- Directions -
Before you return the entries below, strip out the pictures and keep all else exact.

- Exercise input -
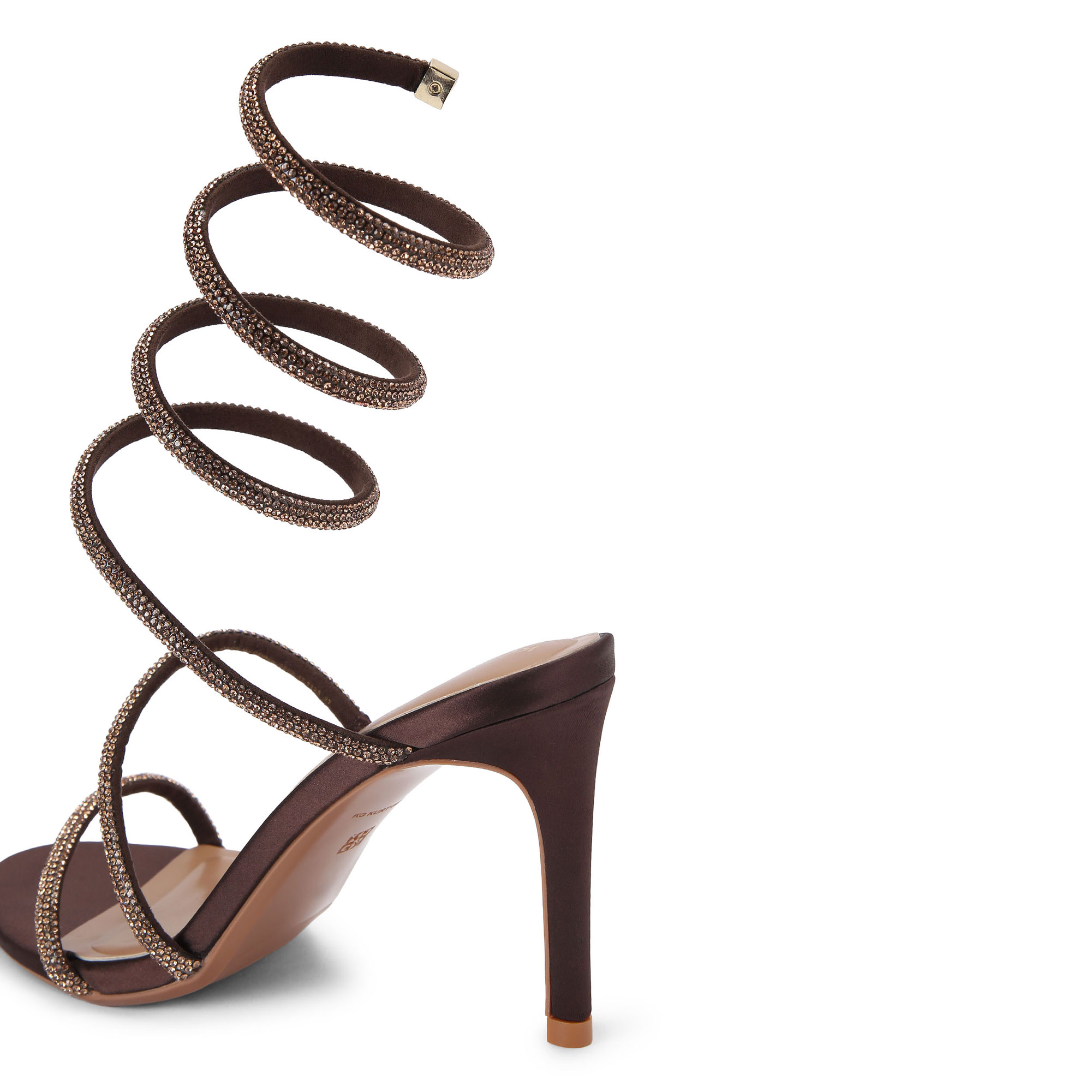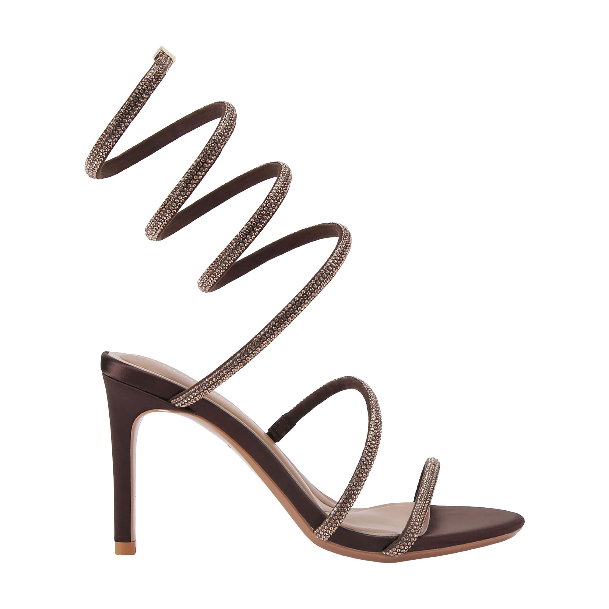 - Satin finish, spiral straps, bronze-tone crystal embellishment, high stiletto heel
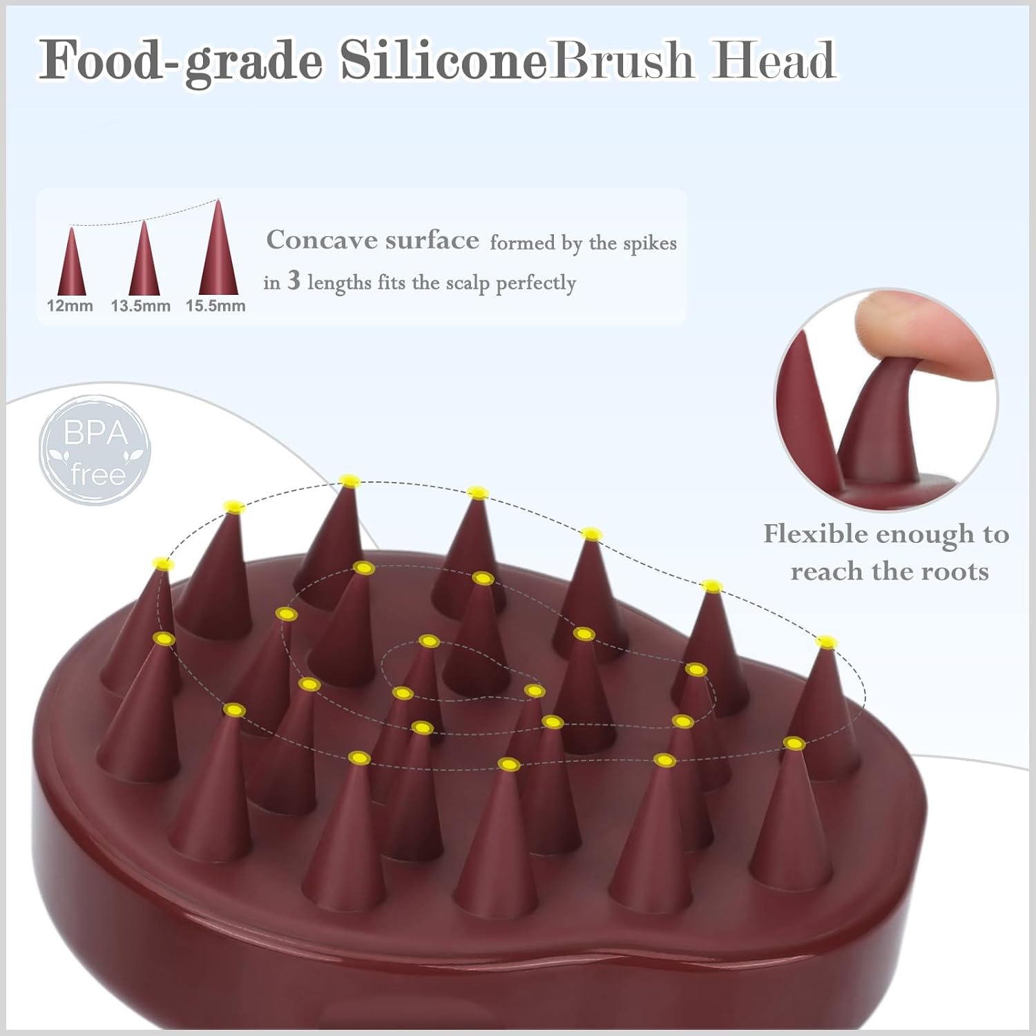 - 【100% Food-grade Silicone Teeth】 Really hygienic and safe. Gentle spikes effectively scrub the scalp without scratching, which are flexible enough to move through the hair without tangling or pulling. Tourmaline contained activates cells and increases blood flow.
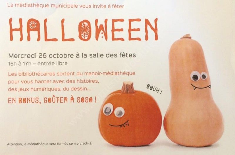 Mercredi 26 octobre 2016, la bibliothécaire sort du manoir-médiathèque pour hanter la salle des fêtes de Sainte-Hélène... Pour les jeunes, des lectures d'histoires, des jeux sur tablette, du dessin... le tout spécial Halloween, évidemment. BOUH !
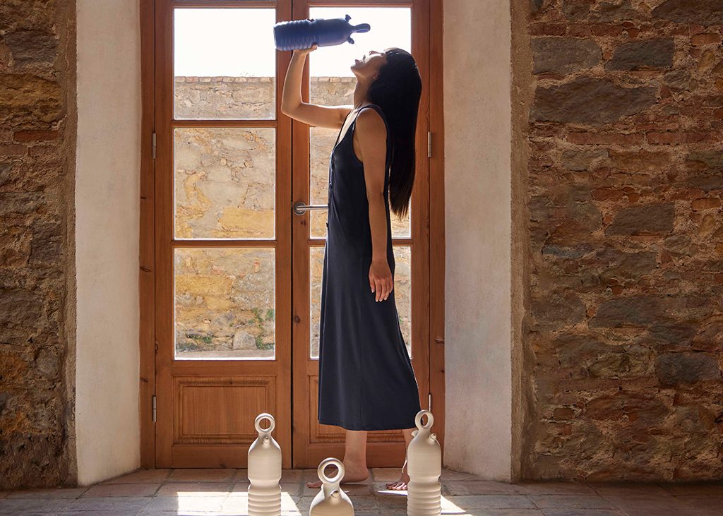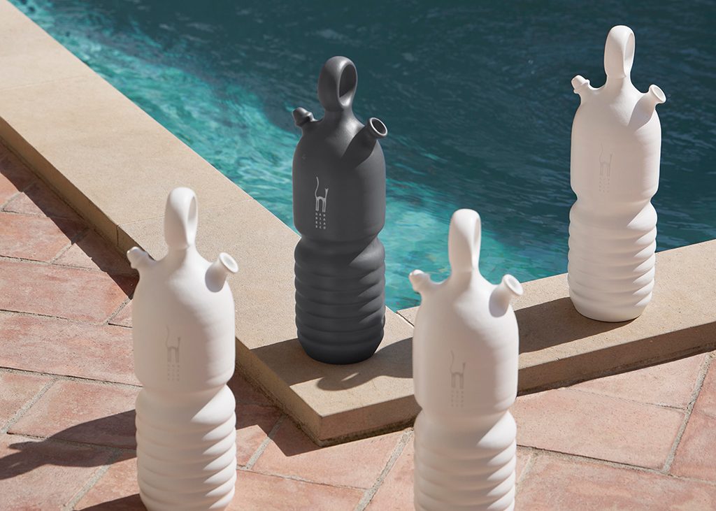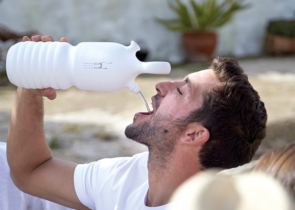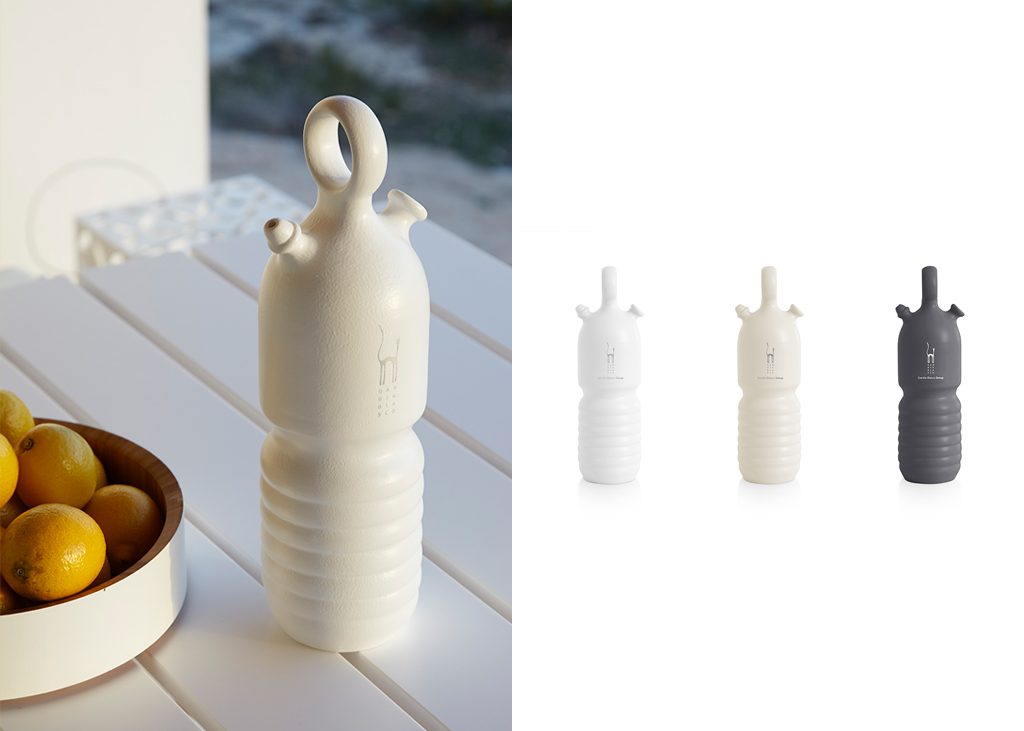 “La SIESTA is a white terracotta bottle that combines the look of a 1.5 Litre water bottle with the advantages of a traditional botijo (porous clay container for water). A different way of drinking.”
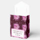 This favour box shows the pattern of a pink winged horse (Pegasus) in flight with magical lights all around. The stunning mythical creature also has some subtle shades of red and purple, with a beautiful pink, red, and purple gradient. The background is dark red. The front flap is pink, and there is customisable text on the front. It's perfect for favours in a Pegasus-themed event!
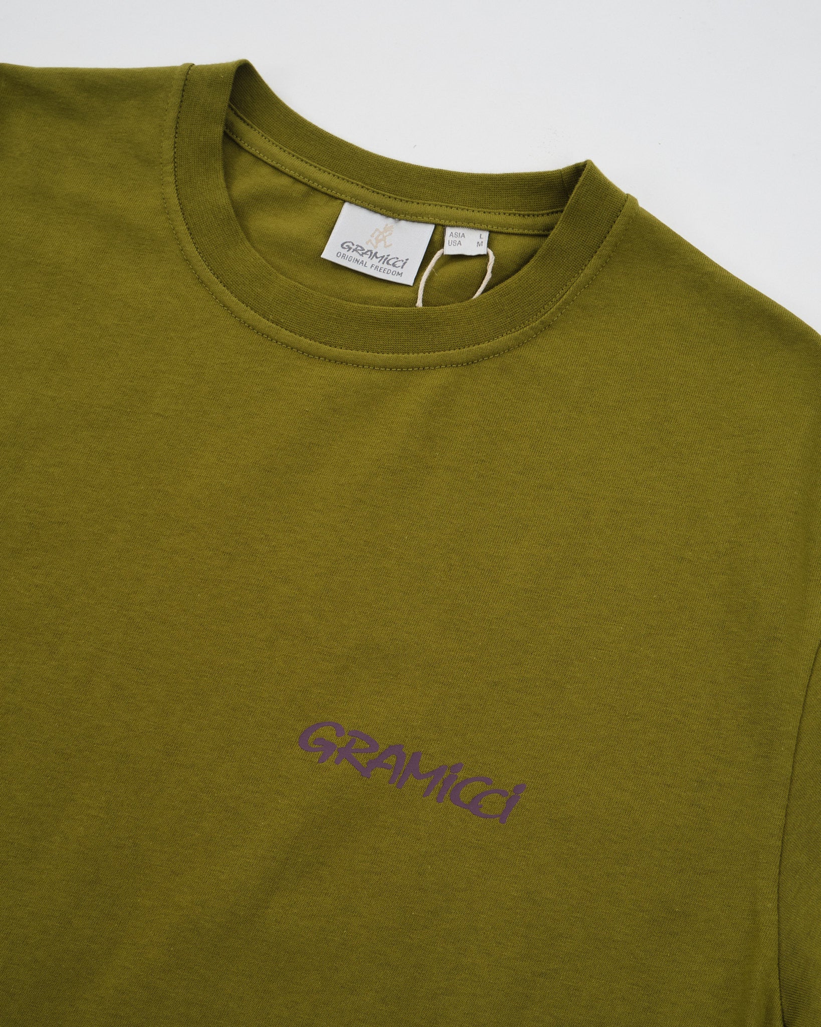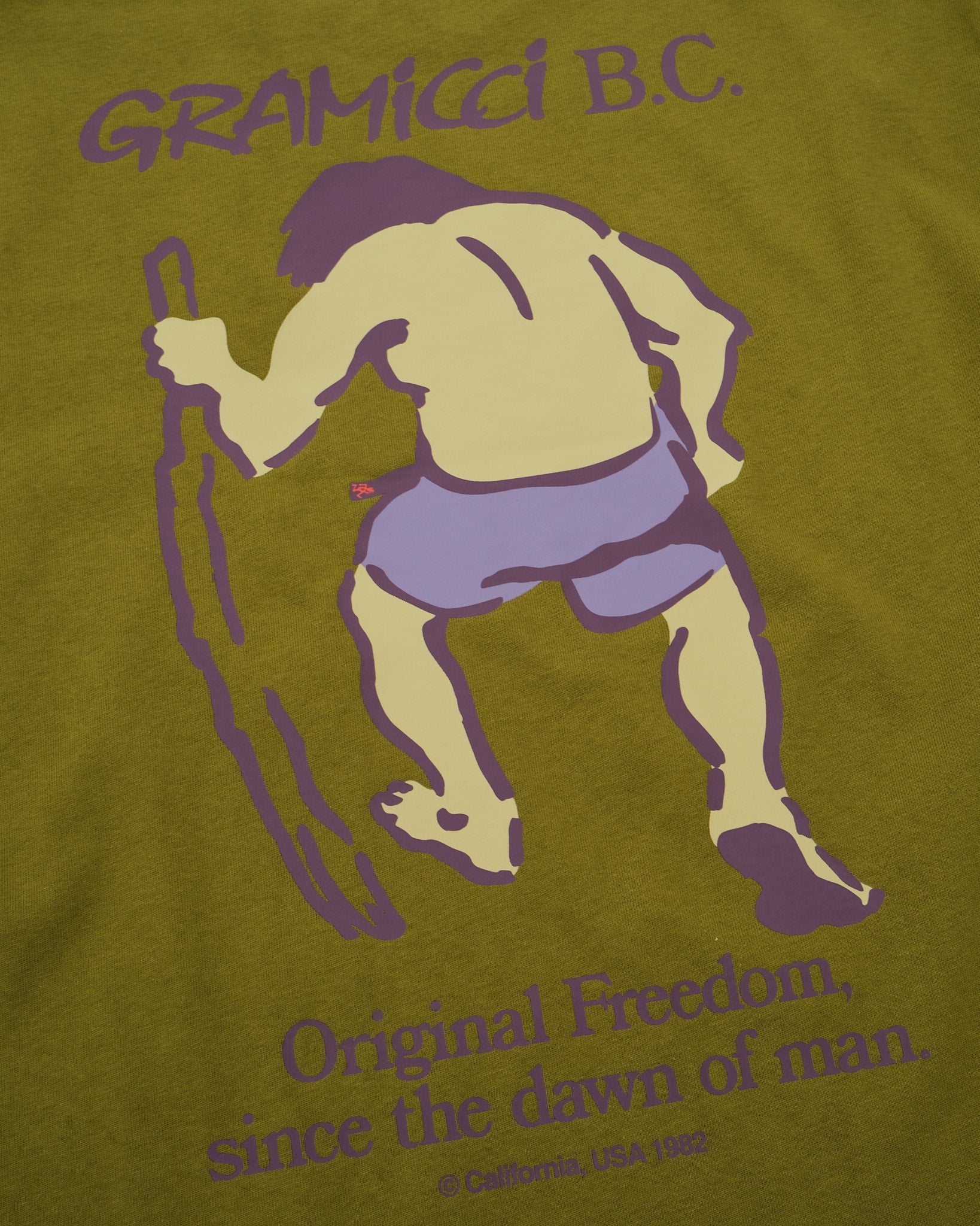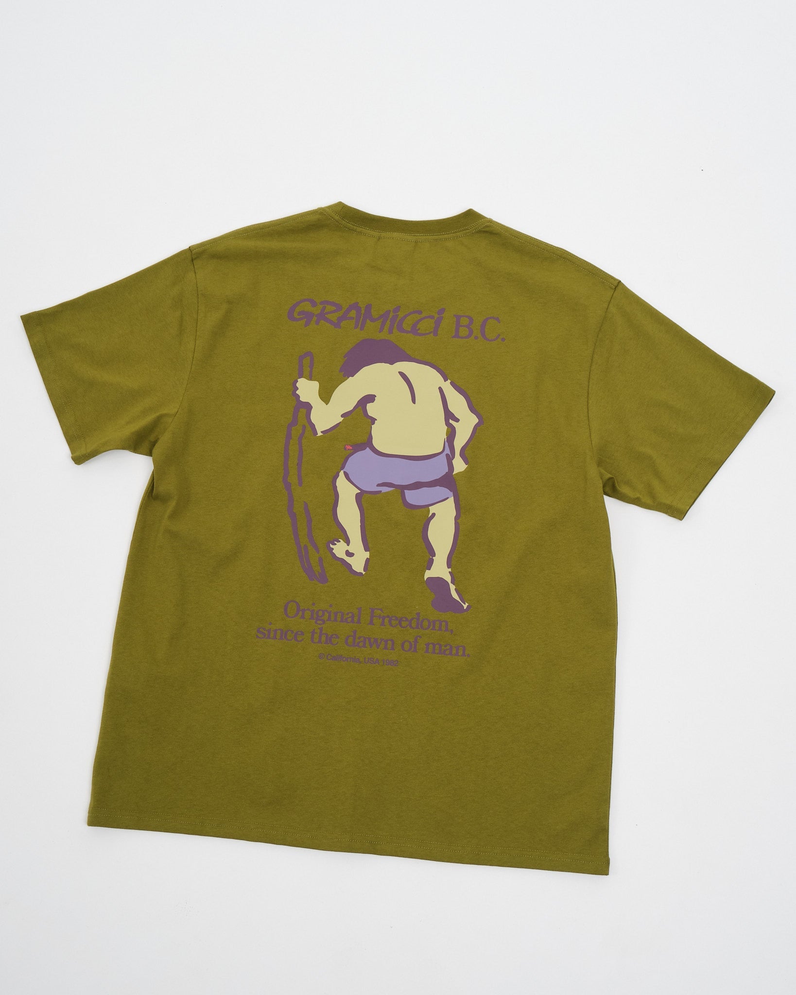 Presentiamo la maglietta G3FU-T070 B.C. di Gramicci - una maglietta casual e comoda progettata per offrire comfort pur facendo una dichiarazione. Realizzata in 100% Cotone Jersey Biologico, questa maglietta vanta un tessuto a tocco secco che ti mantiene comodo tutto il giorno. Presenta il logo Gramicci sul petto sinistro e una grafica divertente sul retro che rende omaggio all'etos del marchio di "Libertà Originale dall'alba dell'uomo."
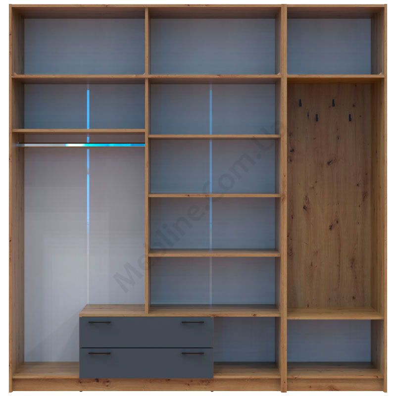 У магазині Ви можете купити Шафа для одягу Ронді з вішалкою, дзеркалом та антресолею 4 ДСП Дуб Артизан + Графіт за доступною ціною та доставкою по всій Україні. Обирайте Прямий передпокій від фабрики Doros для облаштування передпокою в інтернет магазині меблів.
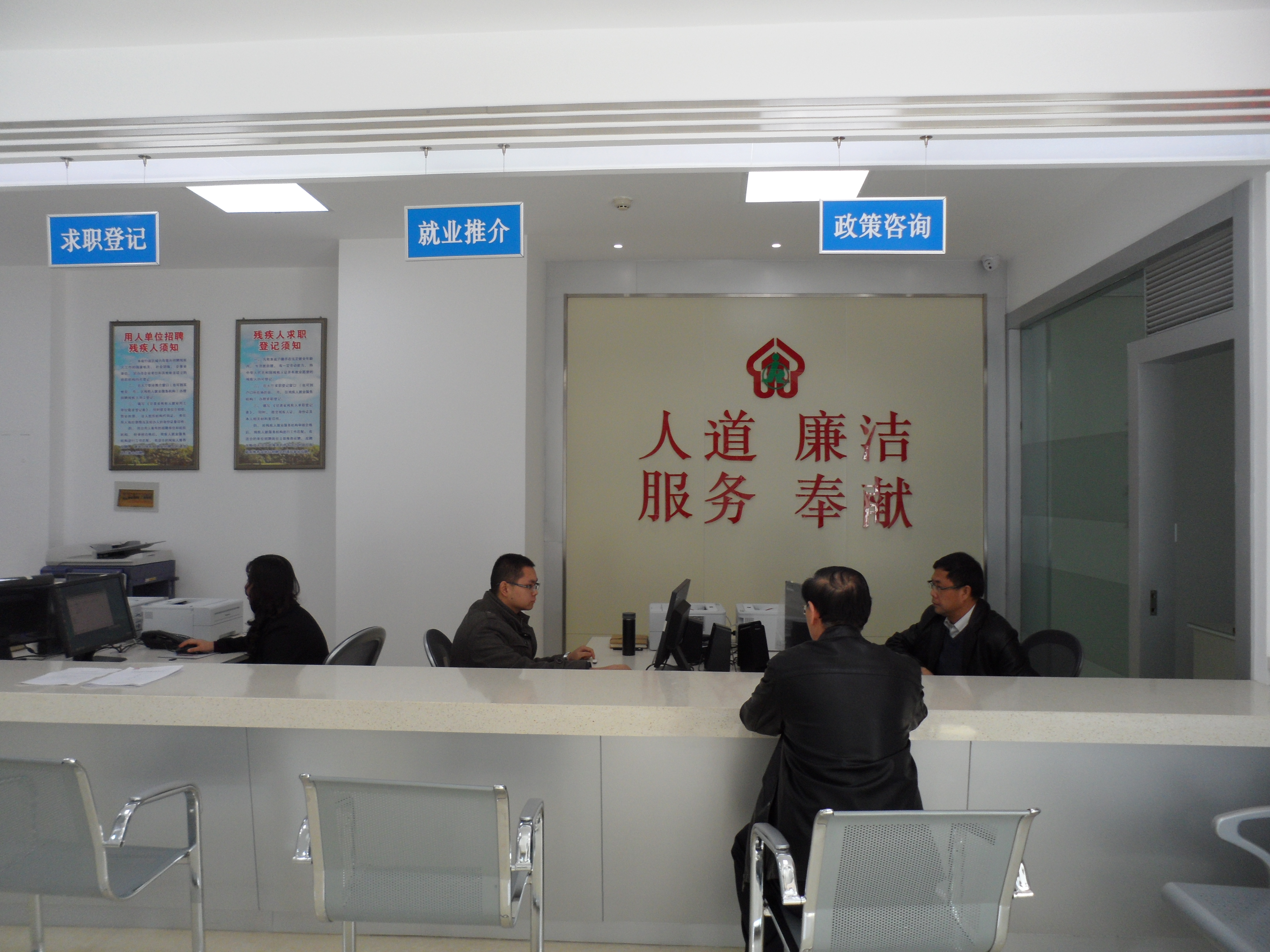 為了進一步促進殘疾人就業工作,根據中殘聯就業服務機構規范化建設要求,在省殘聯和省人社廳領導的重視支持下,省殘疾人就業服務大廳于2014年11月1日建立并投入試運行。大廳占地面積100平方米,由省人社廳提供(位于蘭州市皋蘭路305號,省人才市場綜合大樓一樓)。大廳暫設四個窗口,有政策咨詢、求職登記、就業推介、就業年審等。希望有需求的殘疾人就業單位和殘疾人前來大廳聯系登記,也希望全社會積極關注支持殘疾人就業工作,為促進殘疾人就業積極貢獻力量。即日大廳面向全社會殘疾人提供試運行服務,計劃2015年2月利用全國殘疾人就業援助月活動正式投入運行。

- Answer section -
 - Satin finish, spiral straps, bronze-tone crystal embellishment, high stiletto heel
 - 【100% Food-grade Silicone Teeth】 Really hygienic and safe. Gentle spikes effectively scrub the scalp without scratching, which are flexible enough to move through the hair without tangling or pulling. Tourmaline contained activates cells and increases blood flow.
 Mercredi 26 octobre 2016, la bibliothécaire sort du manoir-médiathèque pour hanter la salle des fêtes de Sainte-Hélène... Pour les jeunes, des lectures d'histoires, des jeux sur tablette, du dessin... le tout spécial Halloween, évidemment. BOUH !
 “La SIESTA is a white terracotta bottle that combines the look of a 1.5 Litre water bottle with the advantages of a traditional botijo (porous clay container for water). A different way of drinking.”
 This favour box shows the pattern of a pink winged horse (Pegasus) in flight with magical lights all around. The stunning mythical creature also has some subtle shades of red and purple, with a beautiful pink, red, and purple gradient. The background is dark red. The front flap is pink, and there is customisable text on the front. It's perfect for favours in a Pegasus-themed event!
 Presentiamo la maglietta G3FU-T070 B.C. di Gramicci - una maglietta casual e comoda progettata per offrire comfort pur facendo una dichiarazione. Realizzata in 100% Cotone Jersey Biologico, questa maglietta vanta un tessuto a tocco secco che ti mantiene comodo tutto il giorno. Presenta il logo Gramicci sul petto sinistro e una grafica divertente sul retro che rende omaggio all'etos del marchio di "Libertà Originale dall'alba dell'uomo."
 У магазині Ви можете купити Шафа для одягу Ронді з вішалкою, дзеркалом та антресолею 4 ДСП Дуб Артизан + Графіт за доступною ціною та доставкою по всій Україні. Обирайте Прямий передпокій від фабрики Doros для облаштування передпокою в інтернет магазині меблів.
 為了進一步促進殘疾人就業工作,根據中殘聯就業服務機構規范化建設要求,在省殘聯和省人社廳領導的重視支持下,省殘疾人就業服務大廳于2014年11月1日建立并投入試運行。大廳占地面積100平方米,由省人社廳提供(位于蘭州市皋蘭路305號,省人才市場綜合大樓一樓)。大廳暫設四個窗口,有政策咨詢、求職登記、就業推介、就業年審等。希望有需求的殘疾人就業單位和殘疾人前來大廳聯系登記,也希望全社會積極關注支持殘疾人就業工作,為促進殘疾人就業積極貢獻力量。即日大廳面向全社會殘疾人提供試運行服務,計劃2015年2月利用全國殘疾人就業援助月活動正式投入運行。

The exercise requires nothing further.